Rumah Sakit

106 21 1
                                    

Mata coklat terang itu tiba-tiba terbuka, disertai hembusan napas berat tanpa irama. Si pemilik menarik napas panjang lalu mengembuskannya. Perlakuan kejam Alfarellza, ponsel yang secara misterius menghilang lalu ditemukan Vano, fitnahan Sandra dan Rajendra, serta pukulan bertubi-tubi yang mengikuti. Pukulan di raga dan juga batin.

Derald kini kembali harus terbaring di bangkar rumah sakit setelah kejadian fitnah Sandra dan pukulan Rajendra. Tapi yang paling Derald benci, kenapa harus rumah sakit? Mengapa Rajendra yang sudah jelas membencinya tidak sekalian membunuhnya saja? Tidak sekalian saja ia di kirim ke Tuhan. Setidaknya dia akan bertemu Mamanya di sana. Sosok yang sangat ia cintai dan rindukan.

Tapi apa yang dia pikirkan, berharap mudah lepas dari kedua iblis ... bukan, ketiga iblis yang mengusik hidupnya? Itu mustahil, bahkan sampai ia sekarat ketiga iblis itu akan tetap membuatnya menderita.

Derald yakin, selamanya dirinya tidak akan bahagia. Andaikan saja mamanya masih ada, ya andai saja.  Begitu kejam para iblis itu hingga tidak ingin Derald bertemu mamanya lagi.

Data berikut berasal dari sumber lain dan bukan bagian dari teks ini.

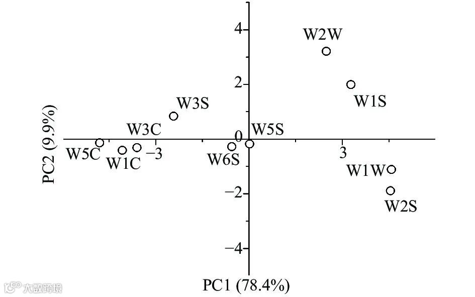 在荷载分析图中,各传感器的坐标可以精准地反映其对样品挥发性气味贡献率的大小;离原点越远,传感器对主成分的贡献越大,反之则越小。由图2可知,W2W、W2S、W1S 和W1W(分别对芳香成分、醇类、醛酮类、甲基类化合物和有机硫化物灵敏)离中心原点较远,W1C、W3C、W3S和W5C(分别对苯类、氨类、长链烷烃、短链烷烃灵敏)次之,距离最近的是W6S和W5S(分别对氢化物和氮氧化合物灵敏)。结合香气分布雷达图说明,芳香成分、醇类、醛酮类、甲基类化合物和有机硫化物对老香黄样品香气贡献率最大,而苯类、氨类、长链烷烃、短链烷烃次之,贡献率最小的是氢化物和氮氧化合物。
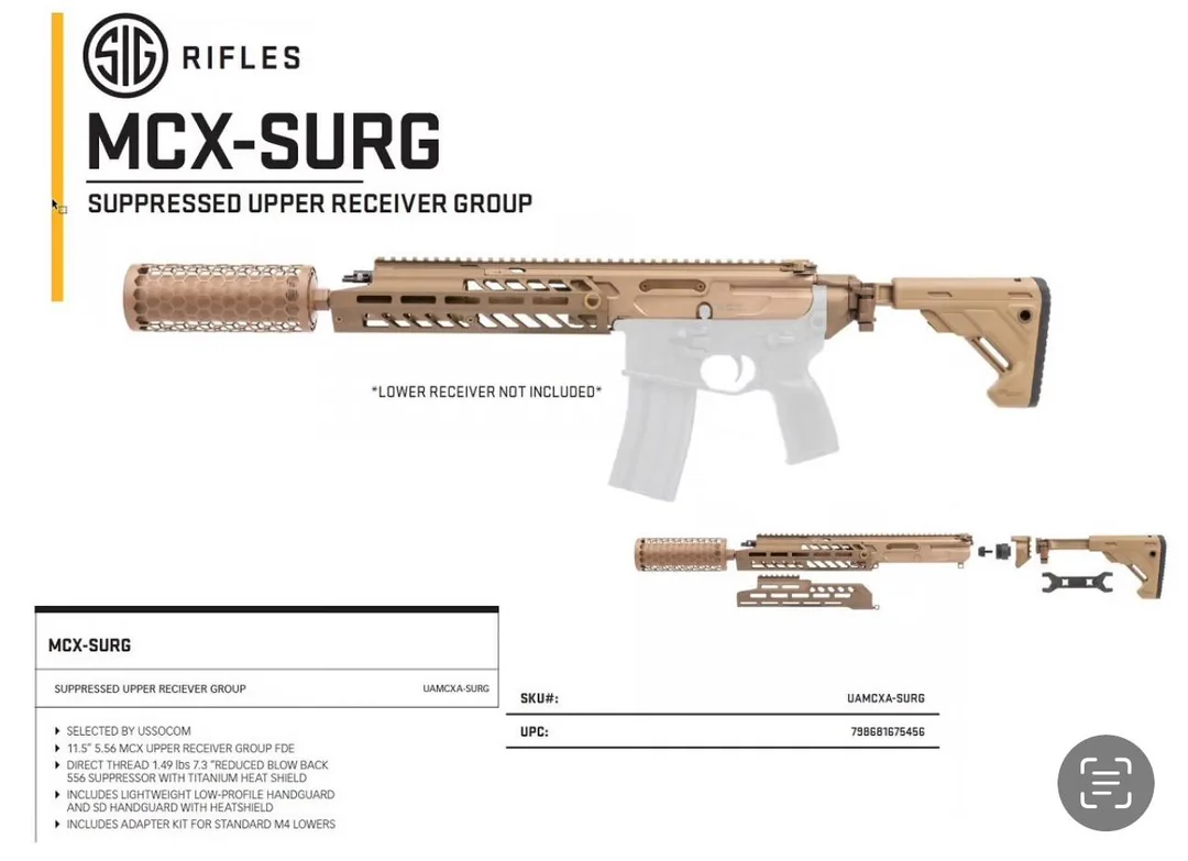 SIG SAUER is proud to introduce the MCX-SURG (Suppressed Upper Receiver Group) Upgrade Kit. Designed to meet the highly-specialized needs of USSOCOM, the MCX-SURG Kit was developed to deliver extreme performance for special operations units while maintaining high-levels of accuracy and durability.
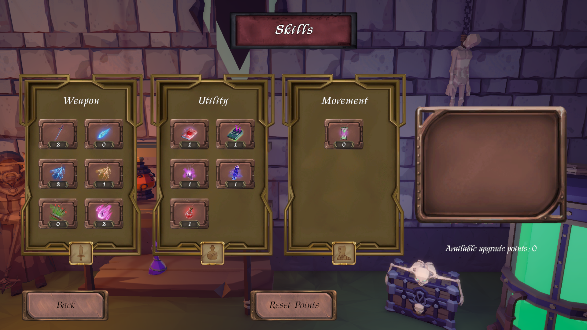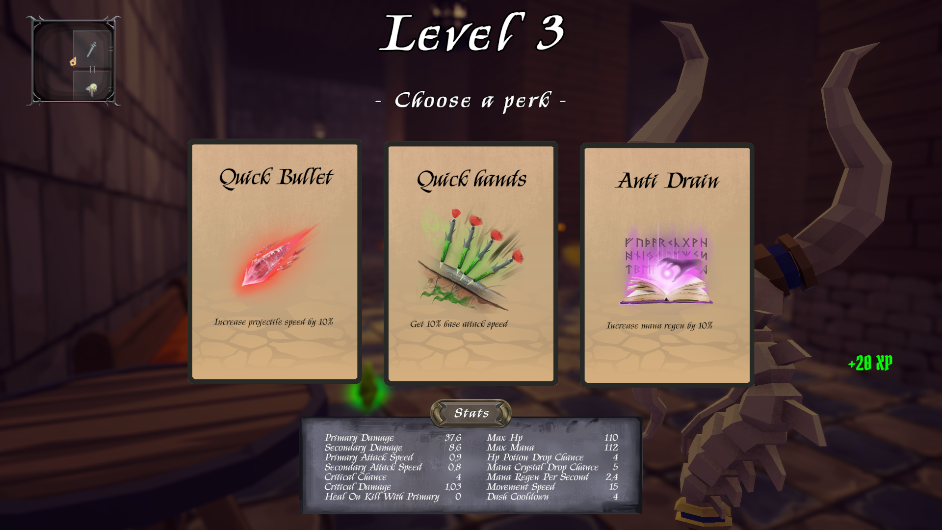 Enter the castle and defeat enemies to get to the level boss. Upgrade your skils ion the menu and collect perks to get stronger.
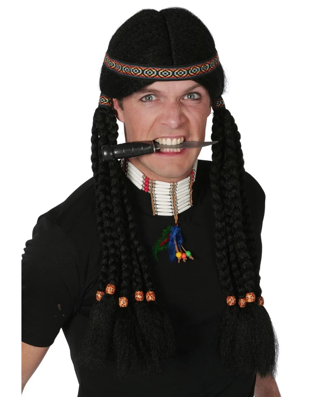 Indianer Perücke mit geflochtenen Zöpfen & Stirnband
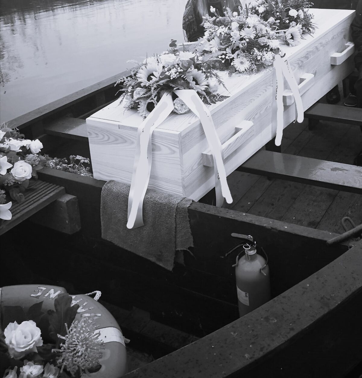 Zo varen we op de dag van de uitvaart, een uur lang, vanuit het dorpje waar ze met zoveel plezier gewoond heeft, naar een aanlegsteiger. Geen praktische keuze, maar haar laatste wens. Haar laatste reis moest over het water gaan. Zij hield van varen, van de beweging en het geluid van het water. De boot gleed traag door het landschap, het was alsof de tijd even stilstond. Het was stil aan boord, blikken dwaalden af naar de horizon, ieder had zo zijn eigen gedachten. We volgden een kronkelend pad van golven en riet, zo anders dan over een rechte weg met asfalt.
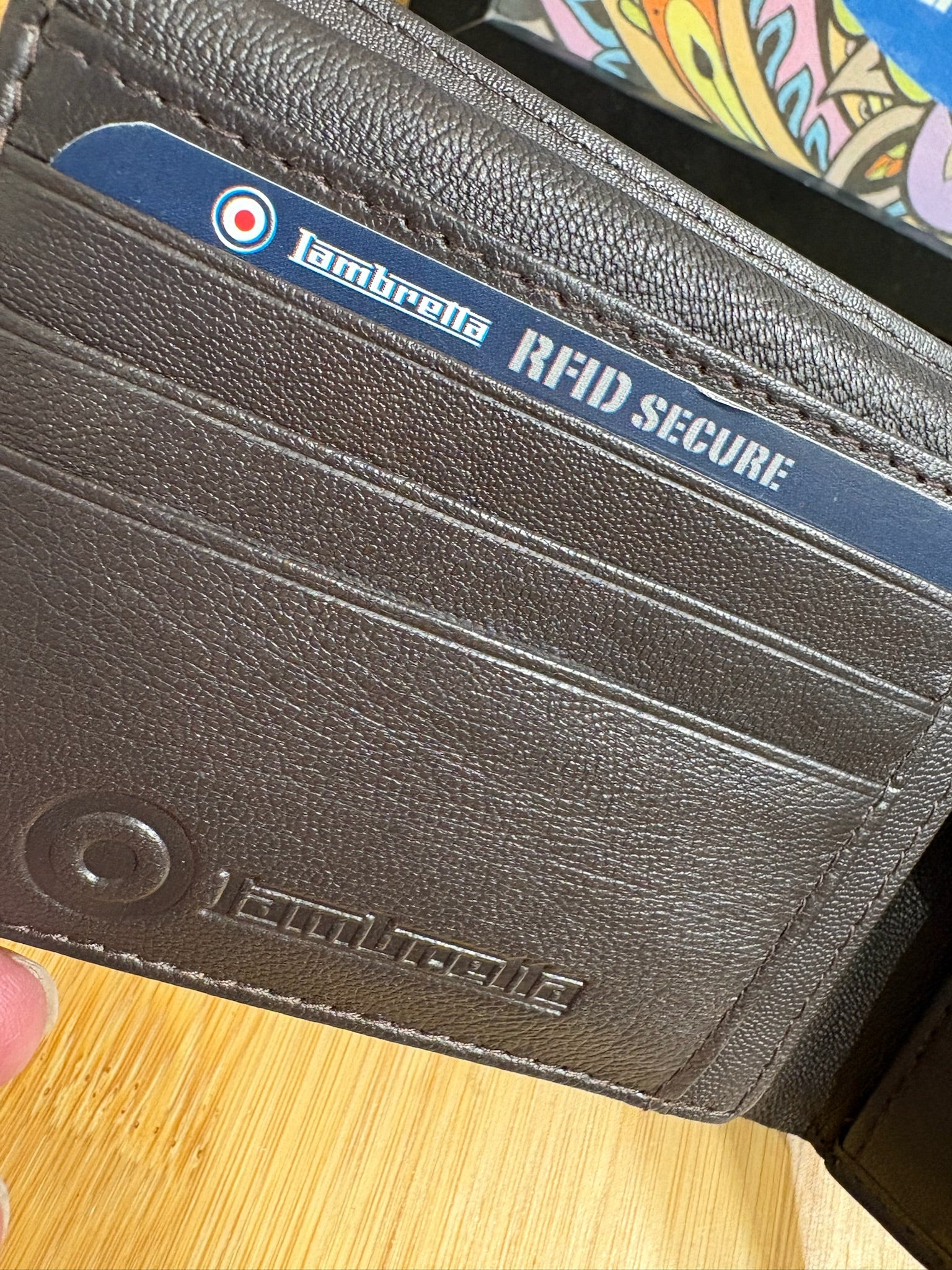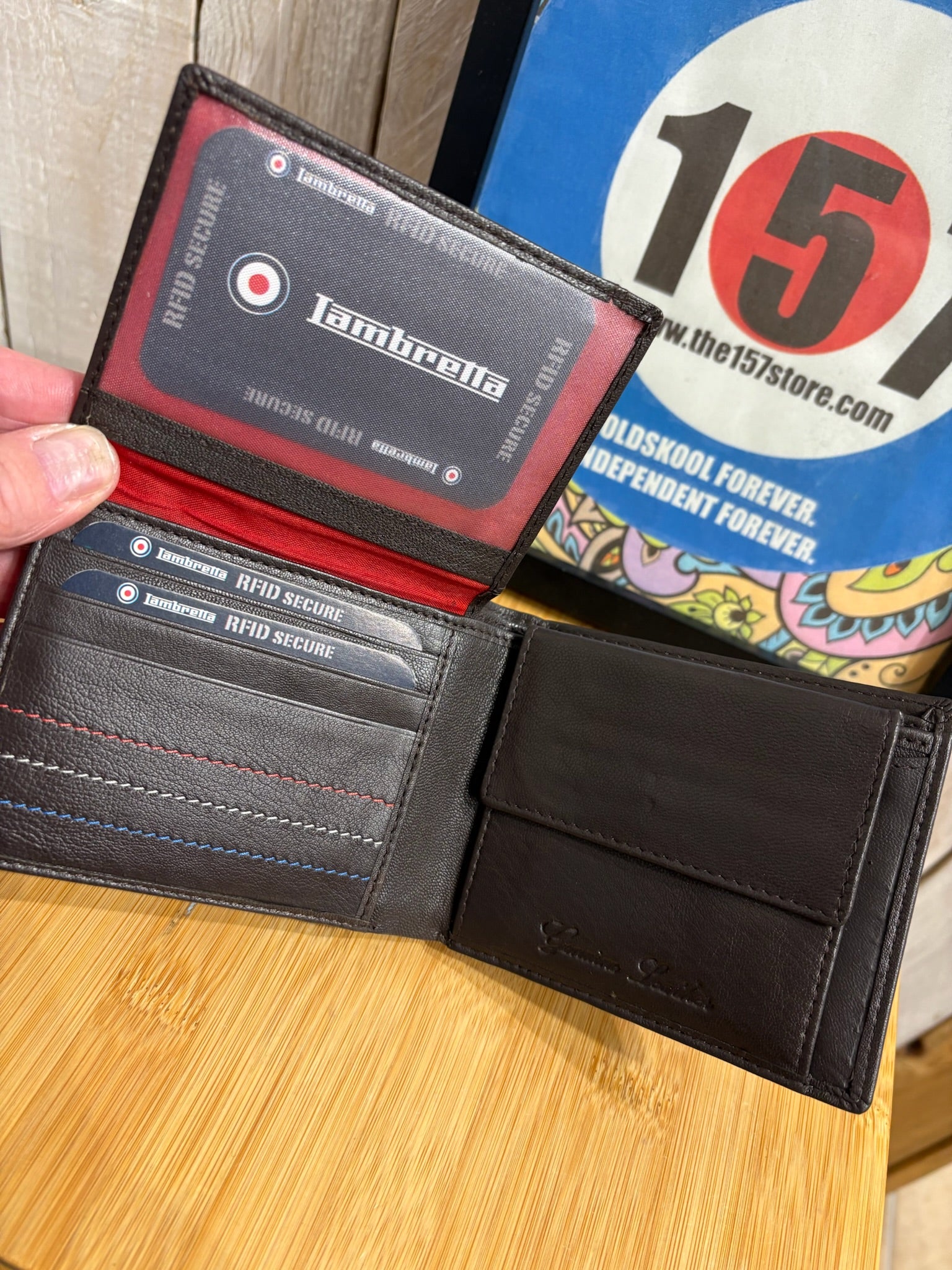 Lambretta RFID Protected Wallet - Embossed Leather Dark Brown

"Mama, badan Derald sakit," lirihnya.

Mata coklat itu kembali terpejam pedih. Merasakan setiap luka yang mulai mengering. Ia benci papanya, benci kakaknya, apalagi ia sangat membenci Sandra. Karena perempuan ular itu membuatnya harus terbaring di sini. Terbaring sendirian, kesepian, dan tersiksa oleh rasa kebencian. Berada di antara hidup dan mati.

"Tuan Muda," panggilan tiba-tiba itu membuat Derald kembali membuka matanya. Salah satu bodyguard sang papa berdiri di sana. Seragam hitam itu terlalu familiar baginya.

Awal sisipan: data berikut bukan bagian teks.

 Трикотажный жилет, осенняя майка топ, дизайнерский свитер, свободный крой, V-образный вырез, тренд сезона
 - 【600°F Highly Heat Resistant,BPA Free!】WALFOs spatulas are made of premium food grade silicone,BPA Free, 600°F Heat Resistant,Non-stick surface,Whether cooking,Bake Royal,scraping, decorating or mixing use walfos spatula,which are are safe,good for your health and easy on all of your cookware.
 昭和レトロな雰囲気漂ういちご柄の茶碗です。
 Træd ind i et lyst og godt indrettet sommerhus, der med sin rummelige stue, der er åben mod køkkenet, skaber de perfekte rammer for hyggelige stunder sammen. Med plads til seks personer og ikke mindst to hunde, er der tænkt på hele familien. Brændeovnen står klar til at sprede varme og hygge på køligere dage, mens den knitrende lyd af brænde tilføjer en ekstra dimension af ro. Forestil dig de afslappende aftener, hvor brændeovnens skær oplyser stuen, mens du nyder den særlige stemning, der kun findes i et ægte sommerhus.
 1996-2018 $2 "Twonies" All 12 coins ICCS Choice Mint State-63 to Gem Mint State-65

"Hm??" tanya Derald, terlalu lelah bahkan untuk berbicara.

"Tuan Besar mengatakan pada saya, Tuan Muda harus berusaha sembuh sebelum tiga hari ke depan. Tuan muda harus kembali belajar untuk olimpiade," ucap sang bodyguard.

Lihat, bahkan papa iblisnya itu tidak mengizinkan Derald istirahat dengan cukup setelah apa yang ia perbuat. Pria tua yang ambisius dan berhati batu. Sial! Kenapa darah pria itu mengalir dalam dirinya.

"Kau boleh pergi," suruh Derald datar.

"Baik, Tuan Muda. Saya pemisi.” Bodyguard itu menunduk, lalu keluar dari ruangan Derald dan berjaga di depan.

"Maaf Ma, untuk kali ini Derald gak bisa nggak benci papa dan semuanya," ucapan Derald pada dirinya sendiri setelah memastikan bodyguard itu ada pada jarak aman.

"Gue harus lepas dari ini semua."

***

Lily melongokkan kepalanya pada kelas XI-MIPA 5. Menatap setiap orang yang masih ada di dalamnya. Ia sedang mencari Derald, entah mengapa ia merasa ada sesuatu yang tidak beres di sini dan benar firasatnya, Derald tidak ada. Kemana laki-laki itu, tak biasanya dia berkeliaran saat jam istirahat.

"Ketemu, Ly??" tanya Aileen. Dia sedang bersedekap dada disamping daun pintu. Menunggu teman anehnya itu.

"Derald nggak ada, Aileen," jawab Lily pada sahabatnya itu.

"Loh, gue yakin Derald gak bakal bolos. Anak cupu—"

"Aileen," peringat Lily tak terima. Sontak Aileen meringis, ia merutuki mulutnya yang asal bicara.

"Maaf Ly, kalau menurut gue orang kayak Derald gak mungkin deh kalau bolos," ucap Aileen. Lily mengangguk, tanpa mengeluarkan suara.

"Terus dia kemana dong?" tanya Lily.

"Jangan-jangan dia sakit lagi?" ucap Aileen balik bertanya.

"Coba lo telpon Ly!!" lanjut Aileen. Sontak Lily langsung mengambil HP pada saku roknya.